Lightweight prompt injection detection and blocking for Python applications.

Features

  • Fast Detection: Keyword-based and semantic analysis
  • Configurable: YAML-based rules and policies
  • Lightweight: Minimal dependencies, optional ML models
  • Multiple Layers: Keywords, patterns, and semantic similarity
  • Easy Integration: Simple API for any Python app

Quick Start

from llm_prompt_shield import PromptGuard

guard = PromptGuard()

# Check a prompt
result = guard.analyze_sync("ignore previous instructions")
print(result['action'])  # 'block' or 'allow'
print(result['detected_hazards'])  # ['prompt_injection']

guard.close()

Installation

Standard (includes all detection features)
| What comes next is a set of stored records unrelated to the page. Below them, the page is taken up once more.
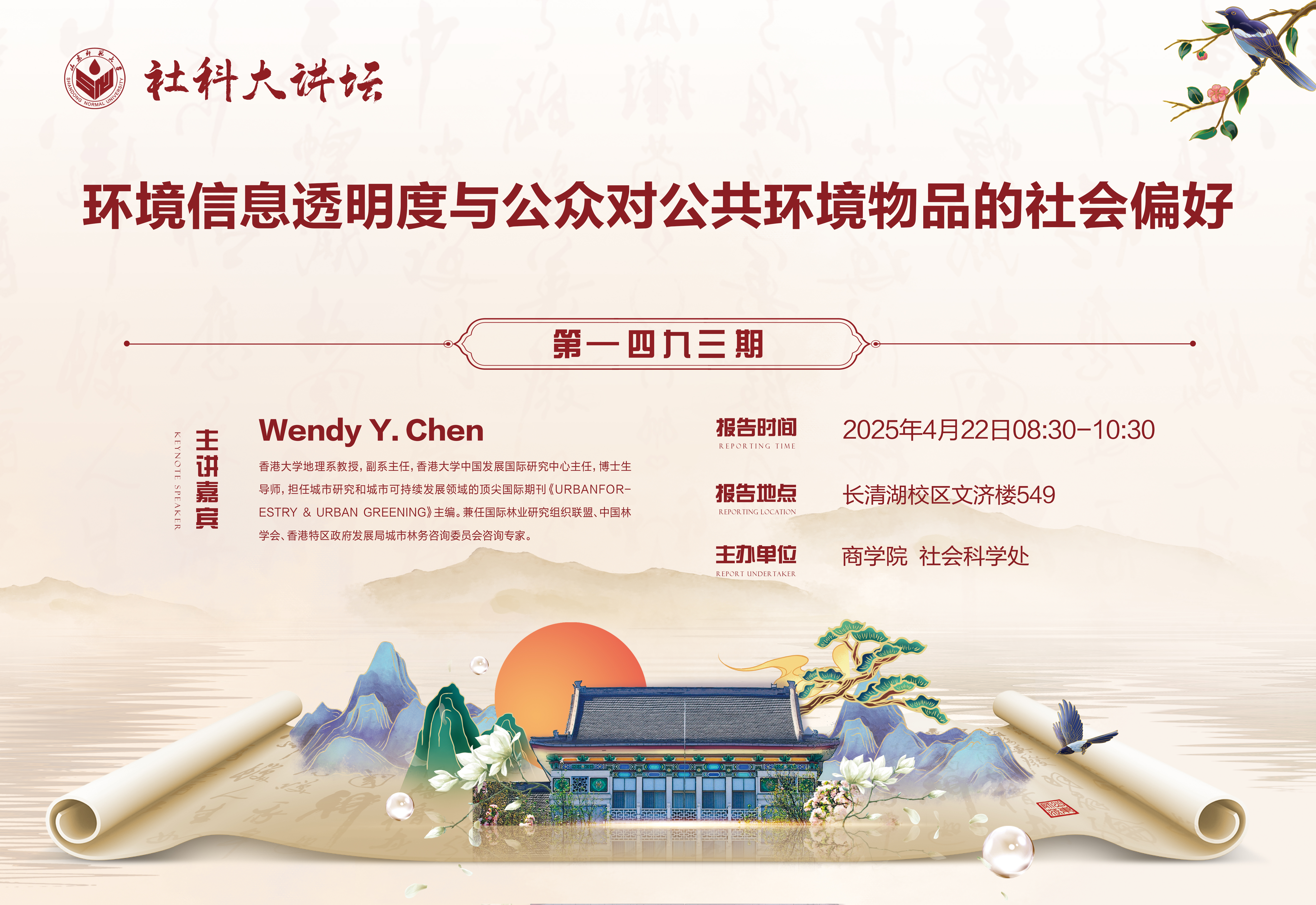 weide1946伟德第1493期预告:Wendy Y.Chen——环境信息透明度与公众对公共环境物品的社会偏好
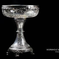 名称: 法国纯银镶嵌切割水晶玻璃大型高足盘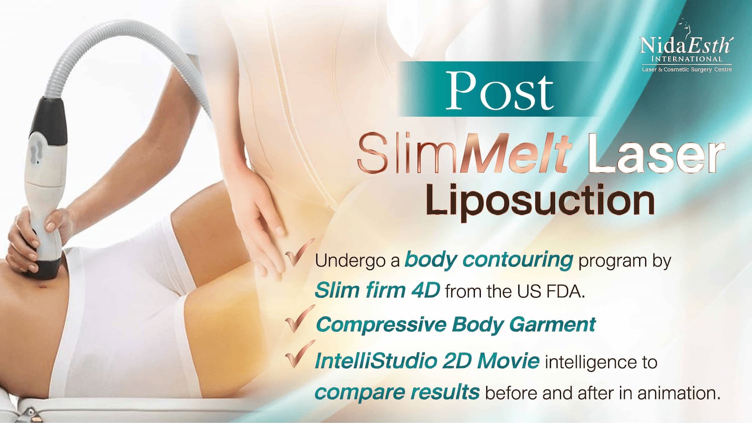 • การดูดไขมันด้วย Slim Melt by Slim Lipo ที่ Nida Esth’ ไม่ใช่แค่การดูดไขมัน แต่ยังมีโปรแกรมจัดกรอบกระชับรูปร่างดูแลคนไข้อย่างต่อเนื่องเพื่อรูปร่างที่เพรียวสวยกระชับยิ่งขึ้นด้วยโปรแกรม Slim Firm 4D โดยไม่ต้องเสียค่าใช้จ่ายเพิ่มเติม เหมาะสำหรับการดูดไขมันเฉพาะส่วน เช่น ต้นขา เหนียง แก้ม หน้าท้อง ปีกหลัง และยังสามารถสร้าง sixpack ระดับพรีเมี่ยม เพื่อให้รูปร่างที่เพรียวกระชับตามต้องการ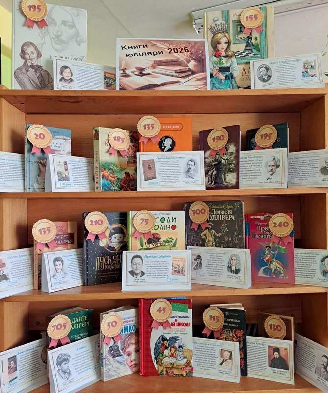 «Світ улюблених героїв» під такою назвою оформила книжкову викладку до Міжнародного дня дитячої книги Гринцівська СБФ, а центральна міська бібліотека презентувала виставку-календар «Книги-ювіляри –2026».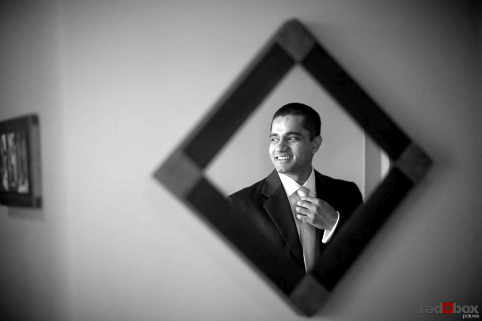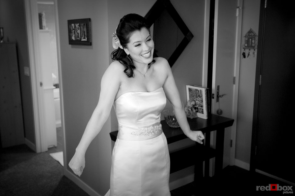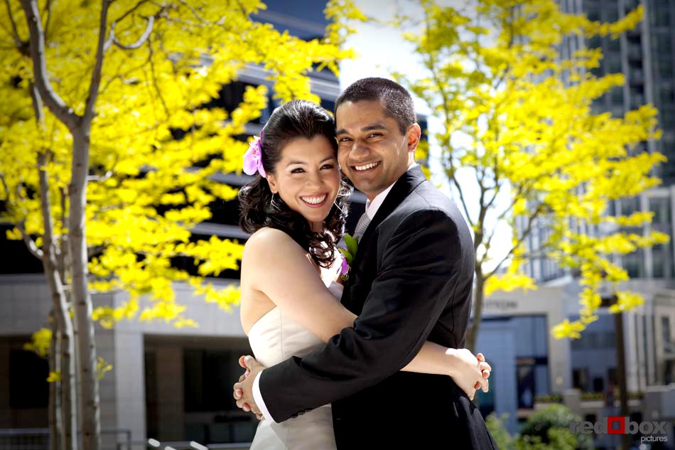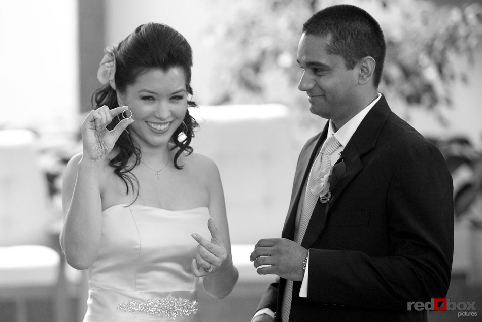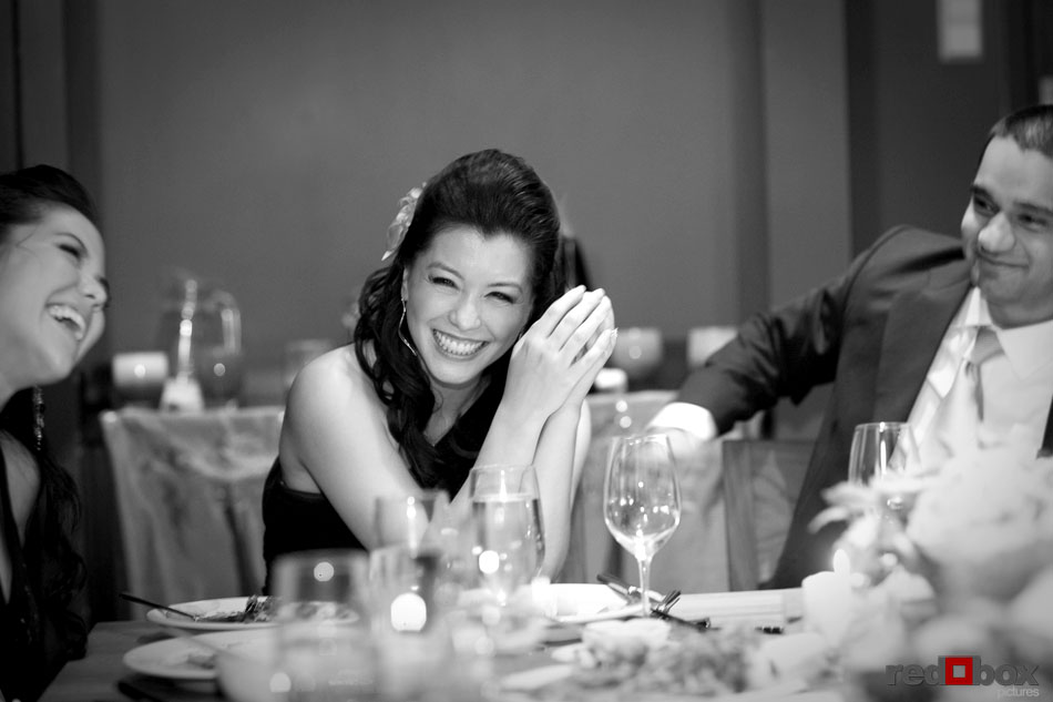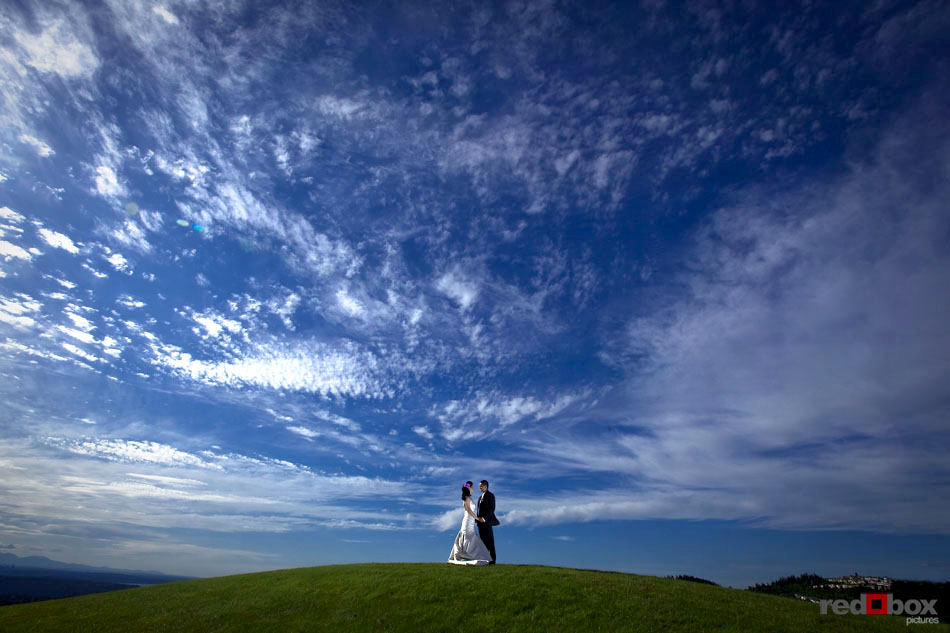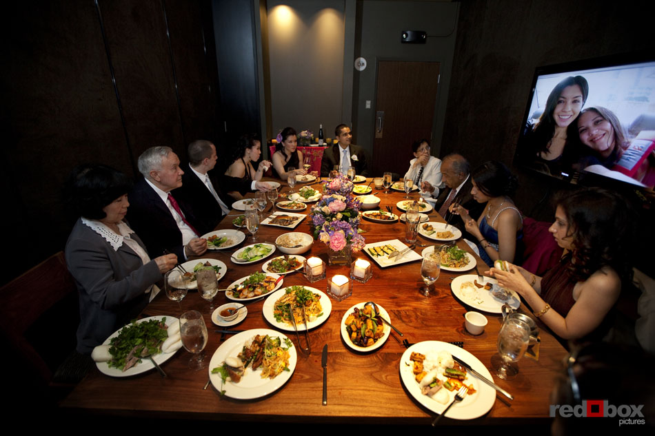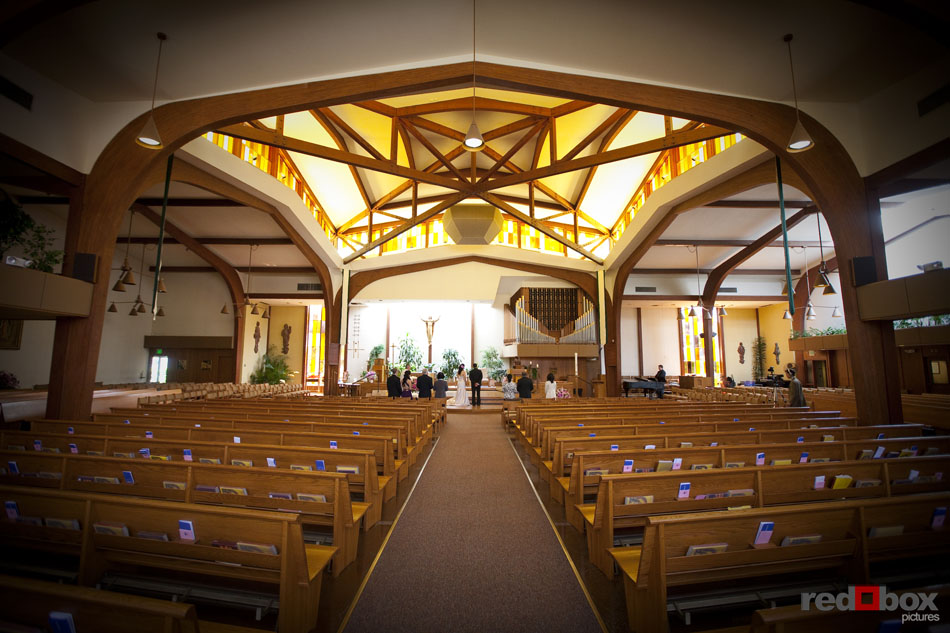 Johanna & Neel had just eight guests at their intimate wedding ceremony recently at St. Louise Catholic Church in Bellevue. The couple had already said their vows in front of numerous friends and extended family in Orlando the previous week, so this was something very special for only the two of them. After the ceremony, they made a stop at The Golf Club at Newcastle for some stunning views and portraits, then it was off to Wild Ginger in Bellevue to cap off the evening with an amazing meal. The intimate affair was a nice change of pace from most weddings, as the relaxed couple enjoyed the company of just their closest family. Even their two dogs, Sam and Maynard, couldn’t land invitations to the ceremony, but were still made to feel like the most loved pets in the Northwest on this day. | Scott Eklund

pip install llm-prompt-shield

With integrations

pip install "llm-prompt-shield[integrations]"  # All integrations
pip install "llm-prompt-shield[langchain]"     # Just LangChain
pip install "llm-prompt-shield[autogen]"       # Just AutoGen  

Configuration

First time setup

from llm_prompt_shield.config_manager import init_user_config, edit_config

# Copy default config to ~/.llm_prompt_shield/
init_user_config()

# Open config file in your default editor
edit_config()

Custom config in code

config = {
    "prompt_injection": "block",
    "data_extraction": "warn", 
    "default": "allow"
}

result = guard.analyze("suspicious prompt", config)

Config file location

After running init_user_config(), edit your personal config at:

  • Linux/Mac: ~/.llm_prompt_shield/config.yaml
  • Windows: C:\Users\YourName\.llm_prompt_shield\config.yaml

Detection Layers

  1. Keywords: Fast regex-based detection from YAML patterns
  2. Semantic: Embedding similarity for catching variations
  3. Advanced Patterns: Unicode, obfuscation detection

Simple API

from llm_prompt_shield import is_safe, analyze

# Quick safety check
if is_safe("user input here"):
    process_safely(user_input)

# Detailed analysis  
result = analyze("user input here")
print(f"Action: {result['action']}")
print(f"Confidence: {result['confidence']}")
print(f"Hazards: {result['detected_hazards']}")

PromptGuard Integrations

PromptGuard provides seamless integrations with popular AI agent frameworks to automatically protect your applications from prompt injection attacks.

Available Integrations

  • LangChain - Protect LangChain applications with callback handlers
  • AutoGen - Secure multi-agent conversations and workflows

LangChain Integration

Installation

pip install "llm-prompt-shield[langchain]"

Quick Start

from llm_prompt_shield.integrations.langchain import PromptGuardCallbackHandler
from langchain.llms import OpenAI

# Create callback handler
callback = PromptGuardCallbackHandler(block_on_detection=True)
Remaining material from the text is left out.